The inflation rate was far lower than the official and independent expectations of 2%, surprising many. This constant decline in the rate of inflation requires a review of the inflation methodology.
The Governor of the State Bank of Pakistan, Jameel Ahmad, had told a parliamentary committee a couple of months back that the inflation rate would start increasing in March and would peak in September. Because of this expectation, the central bank did not cut interest rates in the last meeting. The central bank has kept the interest rate at 12%, inviting criticism from across the board.
The SBP is going to hold a Monetary Policy Committee meeting on Monday to set interest rates for the next one and a half months. The high interest rates are not justified any more. Inflation is at its lowest level in six decades, the external account is in surplus, the rupee is stable and the economy is not growing at a higher pace.
With the fresh inflation rate, the gap between headline inflation and the key policy rate of the SBP has widened to 11.7%. It is only the banking sector that is benefiting from the higher interest rates at the expense of the rest of the country.
The International Monetary Fund's forecast that the reduction in the inflation rate was a temporary phenomenon has also not proven correct so far. Last month, the IMF cut Pakistan's inflation forecast to 5.1%, while noting that the rate in the next fiscal year will remain around 7%.
Even compared with next year's inflation expectation, there is significant room to cut the interest rate on Monday, which will also reduce the budgetary allocations for interest payments for fiscal year 2025-26.
Average inflation during the first 10 months (July-April) of the current fiscal year slowed to 4.7%, which is also far lower than the annual target of 12% for this fiscal.
Core inflation, calculated after excluding energy and food items, has also eased both in cities and towns. The rate slowed down to 7.4% in cities and 9% in rural areas, said the PBS.
Average core inflation is almost 4% lower than the policy rate, providing room for the central bank to cut rates further. As per IMF policy, the government changed the benchmark from core inflation to headline inflation for setting borrowing costs about four years ago.
Urban inflation slowed to 0.5% due to a slower pace of increase in both energy and food prices. In rural areas, prices actually decreased compared to last year's level. The impact was pronounced in towns and villages due to declining food inflation.
The PBS reports inflation data from 35 cities and covers 356 consumer items. In rural areas, it covers 27 centres and 244 consumer items.
The PBS data showed deflation in food prices, which contracted 1.9% in cities and 4.6% in rural areas. Prices of perishable food items slumped about 27% on an annual basis. This benefited urban consumers at the expense of rural producers.
Onions prices were lower by three-fourths last month compared to a year ago, followed by a 58% reduction in prices of tomatoes, wheat 36%, wheat flour 35%, tea 17% and wheat products about 15%. Chicken prices are also shown 10% lower than a year ago.

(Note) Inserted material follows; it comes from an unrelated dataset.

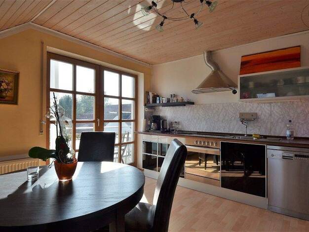 Im Denkmalgeschützten 3 Familienhaus befindet sich die Wohnung im 2.stock. Die Wohnung ist hell und praktisch eingerichtet. Die schreinereinbauküche ist 4 Jahre alt. Das große Badezimmer verfügt über eine Glasflächen und eine große kommode. Das Wohnzimmer wurde mit Eichedielen ausgelegt,die ein super Raumklima bieten. Alle Türen sind aus Glas . Im Dachgeschoss ist das Doppelbett untergebracht, sowie ein kleines begehbares Ankleidezimmer.

The inflation rate of non-perishable food items increased by less than 1% last month. The major reason for this was a 27% reduction in electricity charges due to a temporary cut in rates. Petrol prices were also lower by 11%, despite the government imposing Rs18 per litre additional tax by withholding the due reduction.
Meanwhile, the Sensitive Price Index (SPI) for the week ending April 30, 2025, recorded a slight increase of 0.15%. This rise was mainly driven by higher prices of several essential commodities, including eggs (5.55%), chicken (1.84%), LPG (1.03%), gur (0.59%), bread (0.55%), bananas (0.54%), pulse moong (0.52%), sugar (0.26%), rice basmati broken (0.18%), and long cloth (0.04%).
Conversely, a notable decrease was observed in the prices of onions (5.59%), tomatoes (4.56%), garlic (1.78%), pulse mash (1.57%), wheat flour (1.43%), mustard oil (0.77%), rice IRRI-6/9 (0.59%), and vegetable ghee 1kg (0.31%).
On a year-on-year basis, the SPI showed a decline of 2.41%.